Read the first diagram as a placement map: this page is one concept inside its parent module, not a detached essay, and the capstone is the pressure test for whether the idea holds. Read the second diagram as the working rhythm for the page: name the problem, study the example, identify the boundary, then carry one review question forward.

Purpose

Treat errors and logs as part of your system’s observable behavior.

You will learn: - how to define an error taxonomy (domain vs infrastructure), - how to propagate errors without losing context, - and how to log without turning logs into noise.

Where This Fits

Running example: a monitoring service that fetches metrics, evaluates rules, and emits alerts. In earlier modules we refactored toward a layered design (domain/application/infrastructure) with explicit roles.

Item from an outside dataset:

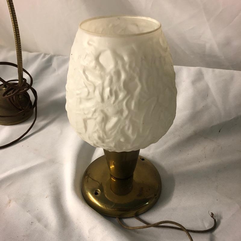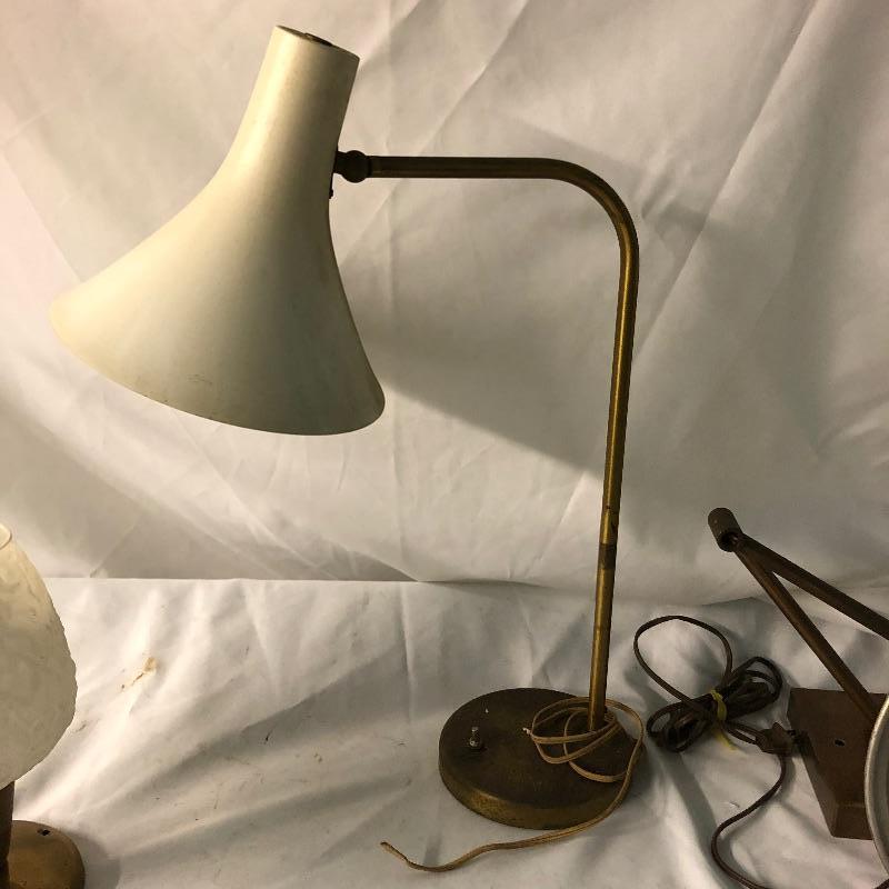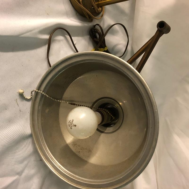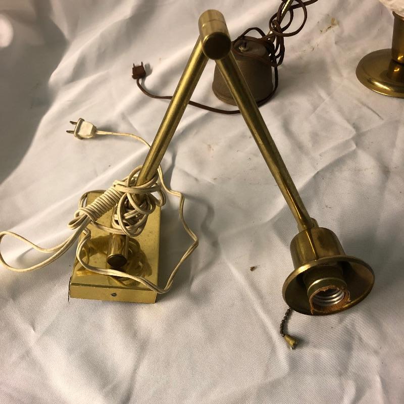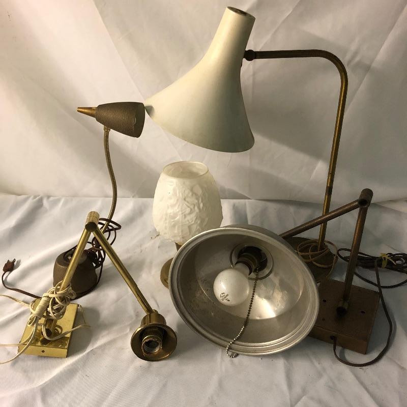We have a really cool assortment of vintage lights for you here. A total of five lights that includes a brass wall mount light, a small retro desk lamp, a vintage aluminum shop type wall mount light and more. Look closely at our images as the two lamps with white shades do not have plugs wired. All the lights were tested and didn’t work, this could be that they just need new bulbs?

From M03 onward, we tighten data integrity and lifecycle semantics so the system stays correct under change.

1. Errors Are Part of the API

A method signature implies: - what it returns on success, - and what failures can occur.

Even in Python (without checked exceptions), you can still design a stable failure contract by: - using specific exception types, - documenting when they happen, - and translating external errors at boundaries (M04C38).

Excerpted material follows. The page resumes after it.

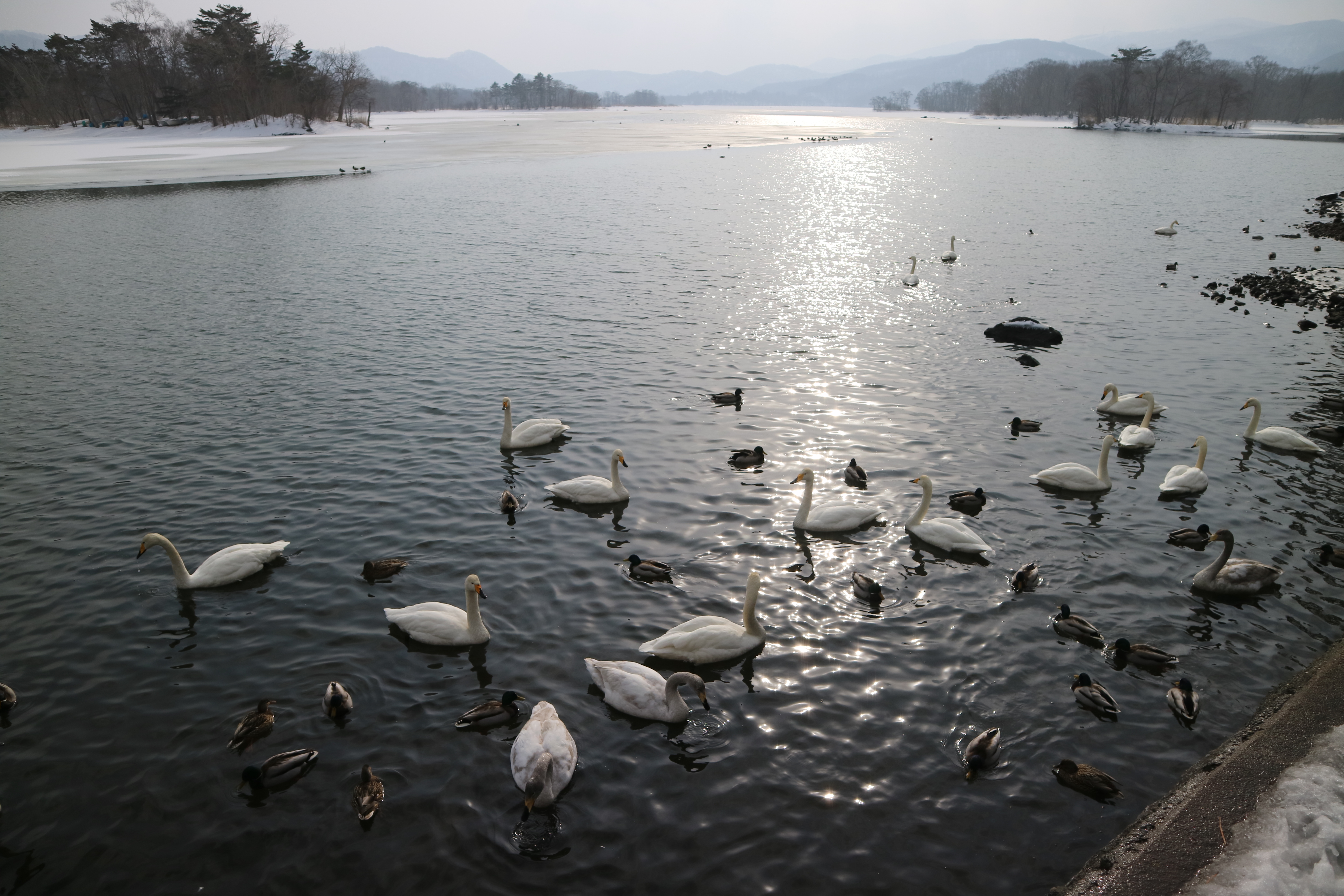 湖の周囲をドライブすると、白鳥の姿を見られるかもしれません。

2. Error Taxonomy (Practical)

Two primary buckets:

  • Domain errors: invariant violation, illegal transition, not found.
  • deterministic, testable
  • Infrastructure errors: network failure, storage down, timeout.
  • environmental

Keep them distinct. It helps both design and teaching.

3. Logging: Context, Not Chatter

Good logs answer: - what happened, - to which entity (ids), - in which operation, - with which outcome.

Bad logs: - repeat the same message on every loop, - log exceptions without context, - log at the wrong layer (domain objects logging I/O failures).

Rule: domain should not log. Application/infrastructure logs with context around domain operations.

4. Propagate Errors with Context

When catching an error, either: - handle it fully, or - re-raise with context.

In Python, prefer exception chaining:

try:
    ...
except TimeoutError as e:
    raise MetricFetchUnavailable("metric backend timeout") from e

This preserves the original traceback while giving your domain/application a stable error type.

5. Tests for Error Behavior

Write tests that assert: - domain errors are raised for invariant violations, - infrastructure errors are translated to your stable error types, - logging occurs at boundaries (if you test logging).

You are testing behavioral contracts, not “did we print something”.

Practical Guidelines

  • Define and use domain-specific exception types for domain failures and translated infrastructure failures.
  • Do not log inside pure domain objects; log at boundaries with context (ids, operation names).
  • Use exception chaining (raise ... from e) when translating errors.
  • Treat error behavior as part of the API; test it.

Exercises for Mastery

  1. Define RuleNotFound and MetricFetchUnavailable exceptions. Refactor call sites to use them.
  2. Add structured context to a log line (policy_id, rule_id) in the orchestrator boundary.
  3. Write a test that asserts error translation keeps the original exception chained.